Highlights & Insights

  • Theoretical Depth: Rigorously proves the specific harm of binary labeling to contrastive and sigmoid losses through gradient analysis, quantifying the "relative gradient penalty" \(r_i\).
  • Elegant Uncertainty Design: Interprets uncertainty as a "measure of labeling quality" rather than "semantic ambiguity"; this perspective shift allows the model to handle false negatives more rationally.
  • Lightweight Adapter: Only adds two MLPs on top of frozen CLIP features, resulting in extremely low parameter count and computational overhead.

Limitations & Future Work

  • The choice of Hadamard product was not systematically compared with other feature interaction methods (e.g., bilinear pooling, outer product).
  • The fixed number of mixture components (two) may limit modeling of highly complex labeling patterns.
  • Label correction limitations—disproportionate concentration of false negatives may still lead to learning bias.
  • Improvements: Dynamic number of components; other flexible posterior forms; combining with active learning or manual data cleaning.
  • vs.
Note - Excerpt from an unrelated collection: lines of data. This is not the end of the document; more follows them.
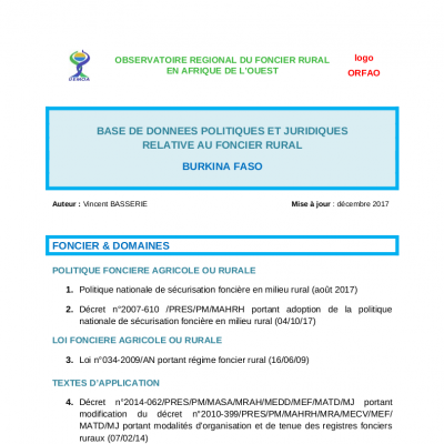 1. Politique nationale de sécurisation foncière en milieu rural (août 2017)
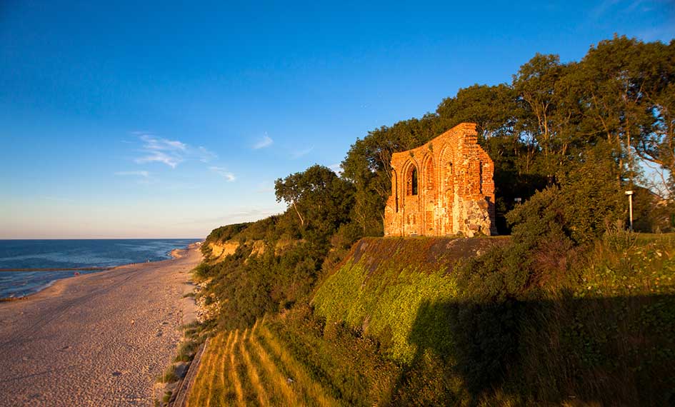 Choć w momencie powstania, w piętnastym wieku, kościół znajdował się około dwa kilometry od brzegu klifu, siły natury stopniowo, lecz konsekwentnie go doń przybliżały. Na przestrzeni około trzystu lat odległość ta zmniejszyła się do pięćdziesięciu ośmiu metrów; wówczas też, w połowie osiemnastego wieku, po raz pierwszy próbowano stawić czoła mocy żywiołu, tworząc konstrukcję z mat z faszyny oraz pali ochronnych. To nie powstrzymało jednak morza przed odbieraniem kolejnych połaci terenu: trzech gospodarstw, znajdujących się pomiędzy brzegiem a Kościołem, a także części znajdującego się nieopodal cmentarza. Sztormy, do spółki z piorunami, nie oszczędzały także dobudowanej w siedemnastym wieku wieży, którą ostatecznie rozebrano z powodu znacznych zniszczeń. Kiedy, w 1868 roku, kościół znajdował się już zaledwie jeden metr od brzegu, zamurowano okna od północnej strony, groźny huk morza zagłuszał bowiem odprawiane nabożeństwa. Wówczas stało się już jasne, iż świątyni nie będzie się dało uratować i że, prędzej czy później, jej kolejne fragmenty (pierwszy z nich upadł w roku 1990) muszą pochłonąć sztormowe fale; podjęto decyzję o wybudowaniu nowego kościoła oraz przeniesieniu zabytkowego wyposażenia do Katedry w Kamieniu Pomorskim oraz kilku muzeów. Pozostało już tylko odprawić ostatnią mszę.
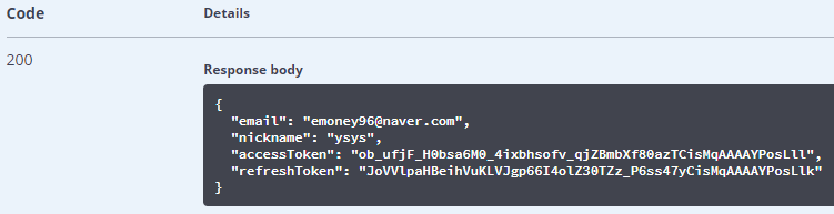 이제 토큰 정보를 받았으니 토큰을 이용하여 유저 정보를 요청합니다.
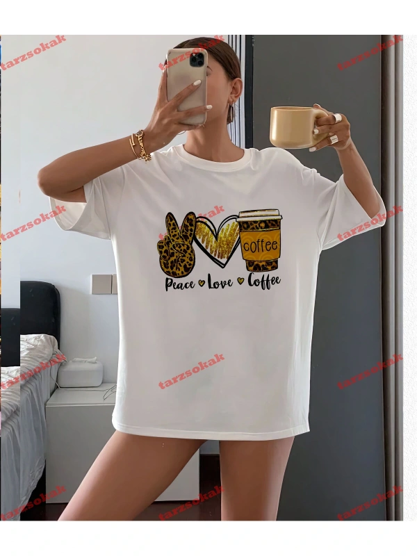 LEOPAR DESENLİ PEACE LOVE COFFE
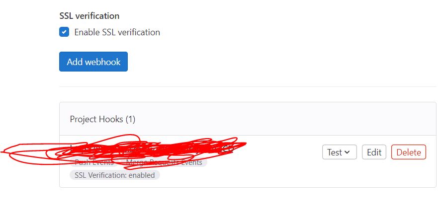 gitlab settings > webhook 들어가서 url, token 입력해서.. add webhook 누르면 생성
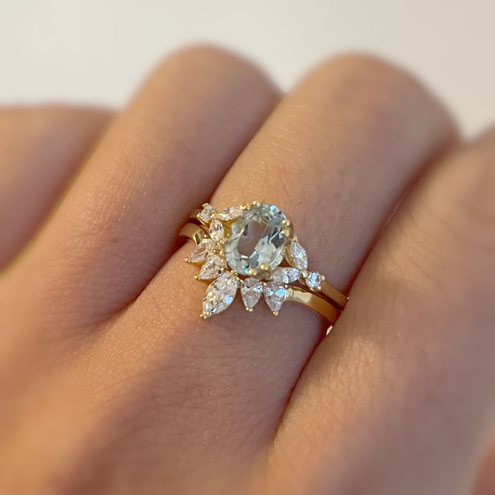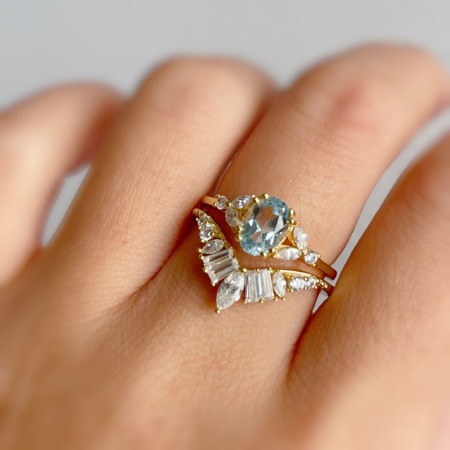 ✦ 5x7mm natural oval-cut aquamarine (center stone)

Probabilistic Embedding Methods (PCME/PCME++): PCME attributes uncertainty to sample semantic ambiguity; VACSR attributes it to labeling noise, which is more consistent with actual data labeling scenarios.
  • vs. Contrastive Learning Temperature Tuning: Traditional methods require meticulous adjustment of temperature coefficients; VACSR achieves adaptation through self-learning variance parameters.

Rating

  • Novelty: ⭐⭐⭐⭐ Re-modeling the binary labeling problem as variational inference is novel; VAE applications in representation learning have precedents (innovation is moderate).
  • Experimental Thoroughness: ⭐⭐⭐⭐⭐ COCO/EC/CxC + 1K/5K + noise robustness + domain generalization.
  • Writing Quality: ⭐⭐⭐⭐ Clear logic with rigorous theoretical derivation.
  • Value: ⭐⭐⭐⭐⭐ Addresses practical problems in CLIP fine-tuning; the method is lightweight and integrable.